“The Stuffed Trout”

                                               (Jerome K. Jerome)

“The Stuffed Trout” has been taken form Jerome’s world famous book THREE MEN IN A BOAT. The book contains mock adventures of the writer and his friends. It is a humorous story. We are told about the psychology of fishermen. The story has been told in an interesting and entertaining manner with a happy surprising end. The story is a fine blending of humor and sentiment.

The writer and his friend, George happened to stop at a riverside inn for rest. They sat in the taproom and started chatting with an old man who was already sitting there. They saw a big trout in an old glass case above the chimney. The old man claimed to have caught this fish sixteen days ago. He told them that it weighed eighteen pounds six ounces. The old man went out and there came a local carrier who claimed that he had caught that fish five years ago. He left the inn and another man came in. he told that how he had caught that fish early in the morning. It was a very humorous situation for the writer. After the man left, another stranger came in and sat there.

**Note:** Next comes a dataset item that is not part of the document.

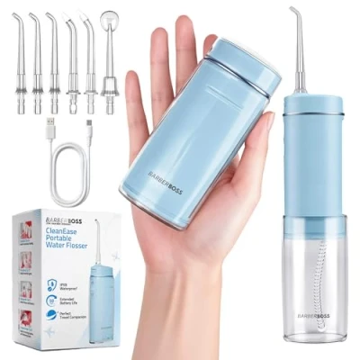 All-in-one nozzle kit for Complete Oral Care: The Barberboss travel oral irrigator includes six precision tips (3* Standard for routine cleaning, 1* Orthodontic for braces, 1* Periodontal for below-gum care, and 1* Tongue Cleaner for fresher breath). One-touch release makes changing tips quick, hygienic, and effortless. IPX8 Waterproof Water Flosser with Compact, Leak-Safe Tank: The detachable water tank is easy to fill, clean, and securely sealed to prevent drips or leaks in your bag or wash kit. Durable, travel-friendly, and fully waterproof for convenient, hygienic use wherever you go. Compact Power for Everyday Confidence: The BarberBoss blue travel water flosser delivers a powerful yet gentle clean, effectively removing debris between teeth and below the gumline. Compact, cordless, and refreshingly easy to use, it’s perfect for maintaining a confident, healthy smile at home or on the go. Three intensity choices: Switch easily between Gentle, Standard, and Pulse settings to match your comfort level. The responsive Mode button and bright LED display guide you through each option for effortless control. Smart 1-Minute Timer for Efficient Flossing: An intelligent auto-stop timer helps you floss for the recommended duration. The flosser automatically pauses after one minute, or you can stop manually at any time for complete control. Long battery, quick recharge: Use continuously for up to 50 days per full charge (depending on mode). Recharge conveniently through the USB-C port via adapter, laptop, or power bank. LED indicators keep you informed of charging and battery status.

George turned to the newcomer and asked him how he had caught the trout. And to their astonishment, he also claimed to have caught the fish. He had caught it with great difficulty, as it was so heavy it broke his line and rod. The last to come was the owner of the inn. When they told him the different stories about the trout, “the honest fellow” laughed heartily. He told the “real story” of the trout. According to him, he had caught that fish by chance when he was just a schoolboy.

The landlord was called out by a boy. George climbed up to the back of the chair to have a close look at the trout. The chair slipped and down came George and the glass-case. The trout was shattered into thousand pieces. Thus they came to know that it was not a stuffed trout at all. It was made of plaster of Paris and claim of so many people to have caught it was not based on truth.

The story brings out the psychology of the old fisherman who likes to relate their imaginary achievements. The claim by many men to have caught the fish and the falling of the glass-case are humorous. The writer’s sudden reaction at the falling of the trout is also very humorous. He makes fun of the old fishermen who just boast of their skill.